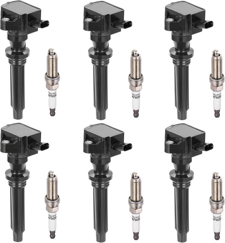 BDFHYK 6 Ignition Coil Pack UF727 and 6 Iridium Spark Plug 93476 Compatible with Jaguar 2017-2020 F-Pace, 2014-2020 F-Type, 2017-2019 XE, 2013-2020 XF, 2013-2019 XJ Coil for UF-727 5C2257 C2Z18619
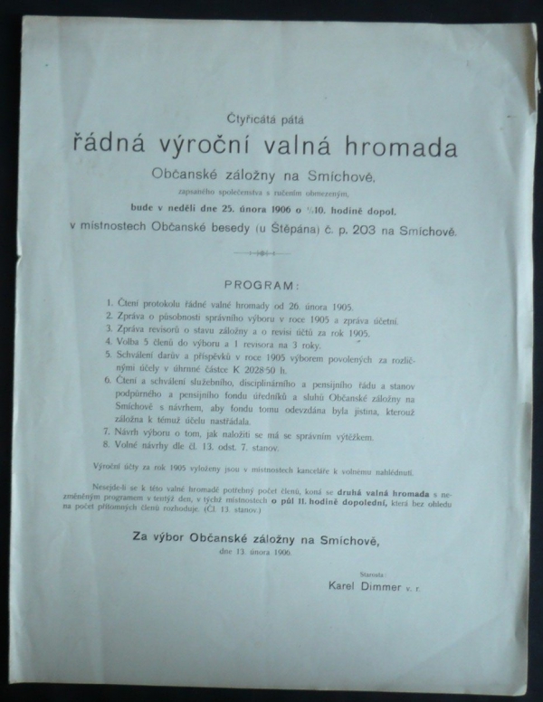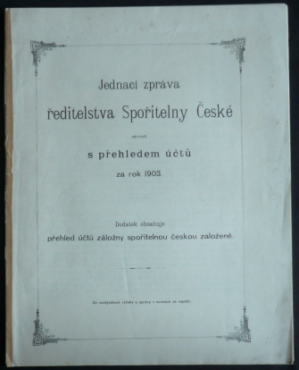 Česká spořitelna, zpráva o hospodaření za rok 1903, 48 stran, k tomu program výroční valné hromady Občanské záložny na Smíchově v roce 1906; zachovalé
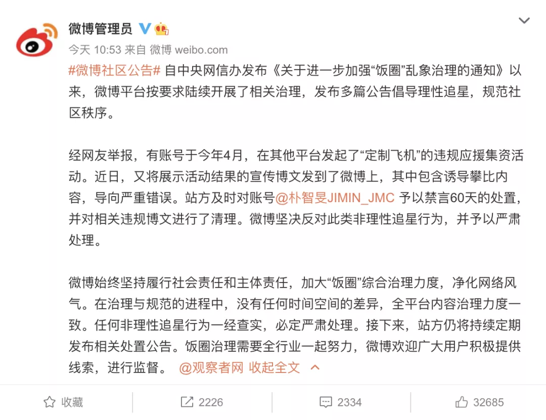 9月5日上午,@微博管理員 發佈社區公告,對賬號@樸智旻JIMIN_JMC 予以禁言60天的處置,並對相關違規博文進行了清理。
● ● ● ● ●
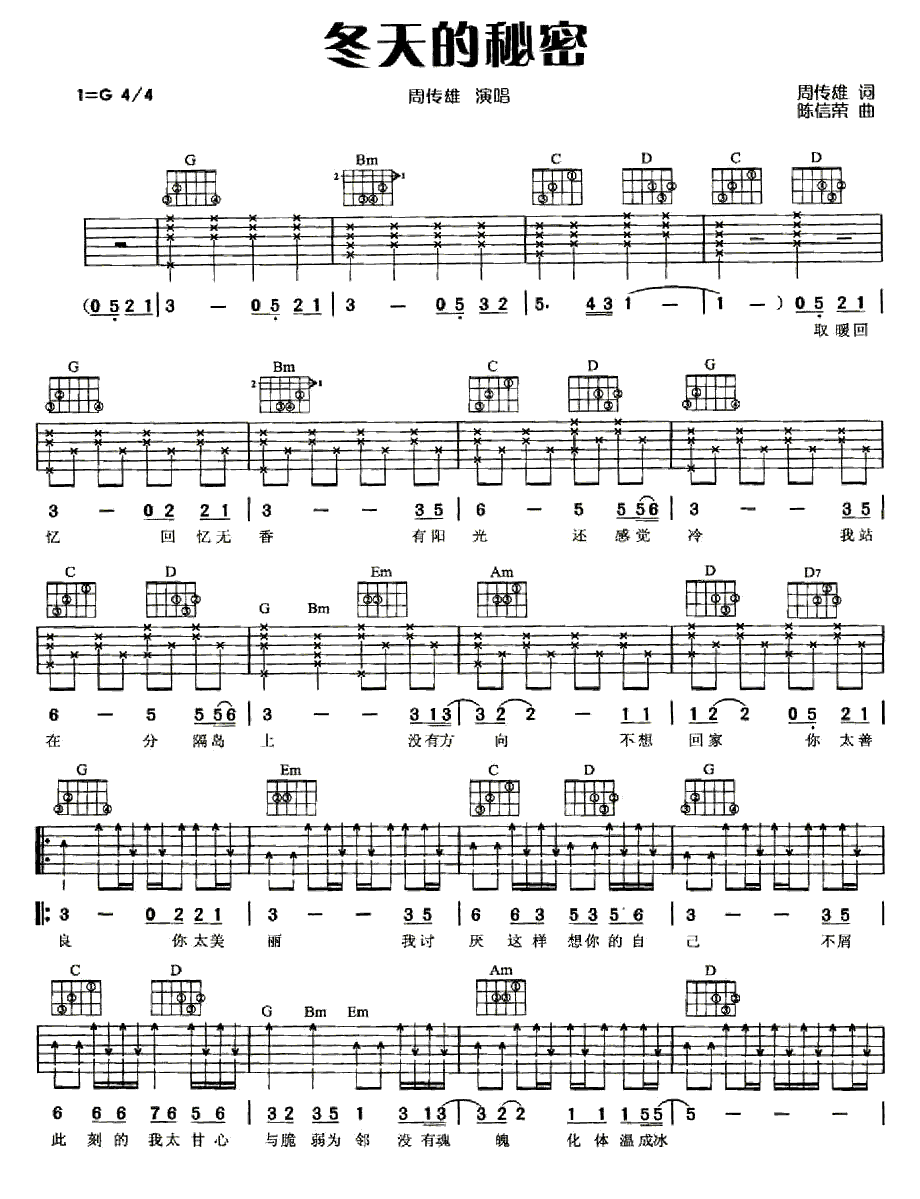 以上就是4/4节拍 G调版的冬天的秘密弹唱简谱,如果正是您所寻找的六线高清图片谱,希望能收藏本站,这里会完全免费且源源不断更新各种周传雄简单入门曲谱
● ● ● ● ●
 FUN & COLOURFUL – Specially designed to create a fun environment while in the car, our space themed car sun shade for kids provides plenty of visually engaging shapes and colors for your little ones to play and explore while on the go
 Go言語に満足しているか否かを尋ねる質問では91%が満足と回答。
● ● ● ● ●
● AIM OF THE TASK: Set the pictures aside and transcribe exactly the stretch of lines above, beginning with the one holding "BDFHYK 6 Ignition" and ending with the one holding "9月5日上午,@微博管理員 發佈社區公告,對賬號@樸智旻JIMIN_JMC 予以禁言60天的處置,並對相關違規博文進行了清理。".

● TASK SOLUTION:
 BDFHYK 6 Ignition Coil Pack UF727 and 6 Iridium Spark Plug 93476 Compatible with Jaguar 2017-2020 F-Pace, 2014-2020 F-Type, 2017-2019 XE, 2013-2020 XF, 2013-2019 XJ Coil for UF-727 5C2257 C2Z18619
 Česká spořitelna, zpráva o hospodaření za rok 1903, 48 stran, k tomu program výroční valné hromady Občanské záložny na Smíchově v roce 1906; zachovalé
 9月5日上午,@微博管理員 發佈社區公告,對賬號@樸智旻JIMIN_JMC 予以禁言60天的處置,並對相關違規博文進行了清理。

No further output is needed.